* [DATA PROVIDED]
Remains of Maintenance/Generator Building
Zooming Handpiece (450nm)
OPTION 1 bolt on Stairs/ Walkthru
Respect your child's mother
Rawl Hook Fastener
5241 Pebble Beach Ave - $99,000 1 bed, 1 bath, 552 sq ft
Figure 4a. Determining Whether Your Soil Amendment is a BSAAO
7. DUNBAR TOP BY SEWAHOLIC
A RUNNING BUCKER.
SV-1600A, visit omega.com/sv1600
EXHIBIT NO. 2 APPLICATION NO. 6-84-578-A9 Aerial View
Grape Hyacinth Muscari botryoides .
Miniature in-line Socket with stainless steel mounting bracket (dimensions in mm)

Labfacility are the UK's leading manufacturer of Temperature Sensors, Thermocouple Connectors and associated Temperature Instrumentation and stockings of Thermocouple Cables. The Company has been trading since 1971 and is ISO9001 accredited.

...

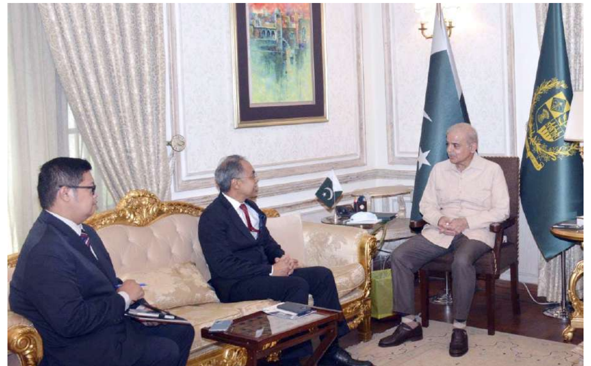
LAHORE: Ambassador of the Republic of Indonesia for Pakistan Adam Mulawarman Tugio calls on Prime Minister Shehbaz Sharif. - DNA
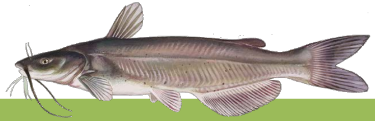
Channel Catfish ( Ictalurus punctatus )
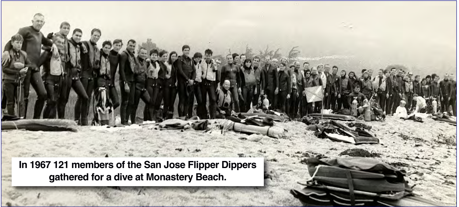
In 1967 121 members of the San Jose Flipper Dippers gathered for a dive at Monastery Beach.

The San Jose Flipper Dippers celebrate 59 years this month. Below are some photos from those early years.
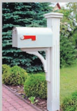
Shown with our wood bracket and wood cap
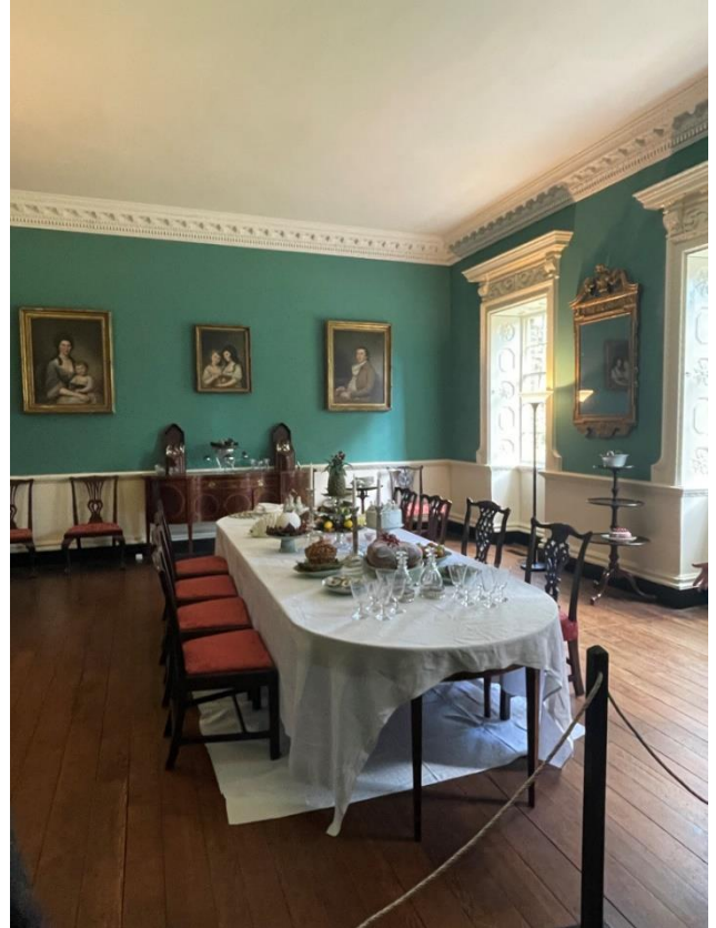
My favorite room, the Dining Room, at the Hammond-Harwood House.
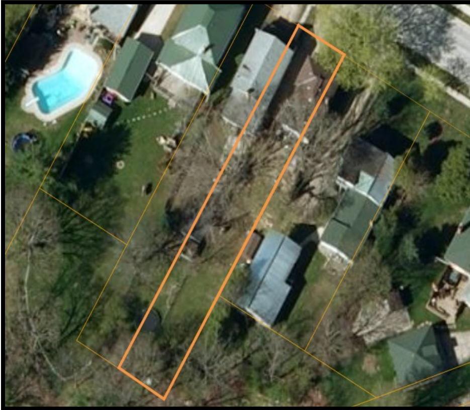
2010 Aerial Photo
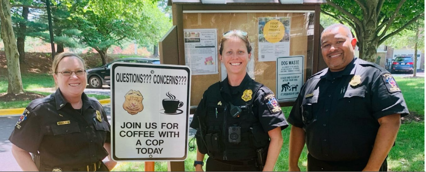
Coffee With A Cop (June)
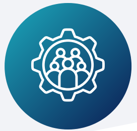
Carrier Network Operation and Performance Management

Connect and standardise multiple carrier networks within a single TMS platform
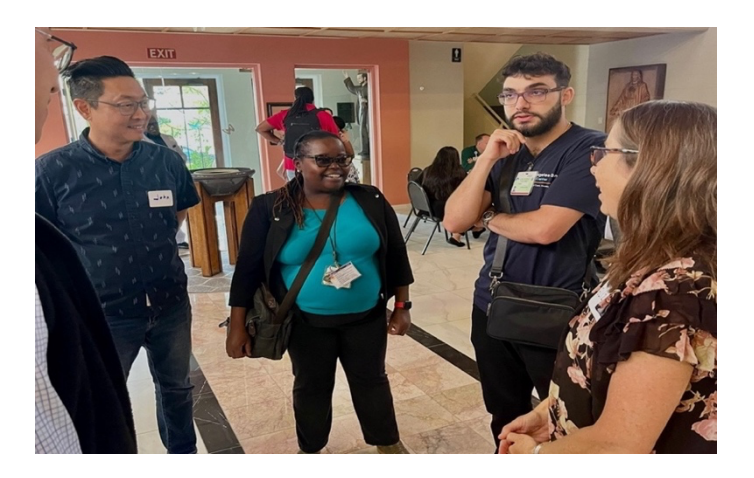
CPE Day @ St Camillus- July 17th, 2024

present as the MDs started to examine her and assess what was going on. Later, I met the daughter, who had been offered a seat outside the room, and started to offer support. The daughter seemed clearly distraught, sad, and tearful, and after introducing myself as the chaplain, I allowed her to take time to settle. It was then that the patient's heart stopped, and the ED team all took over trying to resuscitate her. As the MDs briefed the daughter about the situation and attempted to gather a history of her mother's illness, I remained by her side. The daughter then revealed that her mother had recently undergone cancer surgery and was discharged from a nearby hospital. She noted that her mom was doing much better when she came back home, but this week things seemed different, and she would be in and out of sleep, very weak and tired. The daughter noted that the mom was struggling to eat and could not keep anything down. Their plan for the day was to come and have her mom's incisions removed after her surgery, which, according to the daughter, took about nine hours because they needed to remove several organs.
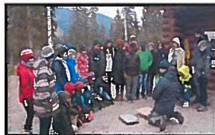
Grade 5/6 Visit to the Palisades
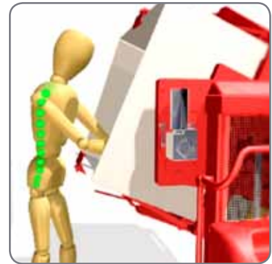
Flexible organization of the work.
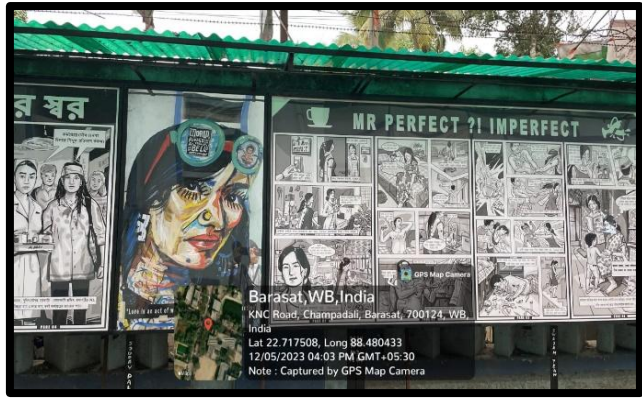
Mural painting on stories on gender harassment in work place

...

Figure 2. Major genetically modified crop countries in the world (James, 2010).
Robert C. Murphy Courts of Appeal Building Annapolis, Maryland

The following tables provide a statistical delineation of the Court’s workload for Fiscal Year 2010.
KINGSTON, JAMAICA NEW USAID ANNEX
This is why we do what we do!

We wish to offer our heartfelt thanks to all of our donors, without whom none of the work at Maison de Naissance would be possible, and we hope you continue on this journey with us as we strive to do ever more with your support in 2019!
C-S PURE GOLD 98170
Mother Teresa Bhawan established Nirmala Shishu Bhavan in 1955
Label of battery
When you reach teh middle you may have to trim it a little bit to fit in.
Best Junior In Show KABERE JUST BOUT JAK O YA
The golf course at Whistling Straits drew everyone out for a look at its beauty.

* [WHAT IS NEEDED] Your answer must consist solely of the lines above between the line holding "Remains of Maintenance/Generator Building" and the line holding "Labfacility are the", inclusive, copied exactly.

* [WRITTEN REPLY]
Remains of Maintenance/Generator Building
Zooming Handpiece (450nm)
OPTION 1 bolt on Stairs/ Walkthru
Respect your child's mother
Rawl Hook Fastener
5241 Pebble Beach Ave - $99,000 1 bed, 1 bath, 552 sq ft
Figure 4a. Determining Whether Your Soil Amendment is a BSAAO
7. DUNBAR TOP BY SEWAHOLIC
A RUNNING BUCKER.
SV-1600A, visit omega.com/sv1600
EXHIBIT NO. 2 APPLICATION NO. 6-84-578-A9 Aerial View
Grape Hyacinth Muscari botryoides .
Miniature in-line Socket with stainless steel mounting bracket (dimensions in mm)

Labfacility are the UK's leading manufacturer of Temperature Sensors, Thermocouple Connectors and associated Temperature Instrumentation and stockings of Thermocouple Cables. The Company has been trading since 1971 and is ISO9001 accredited.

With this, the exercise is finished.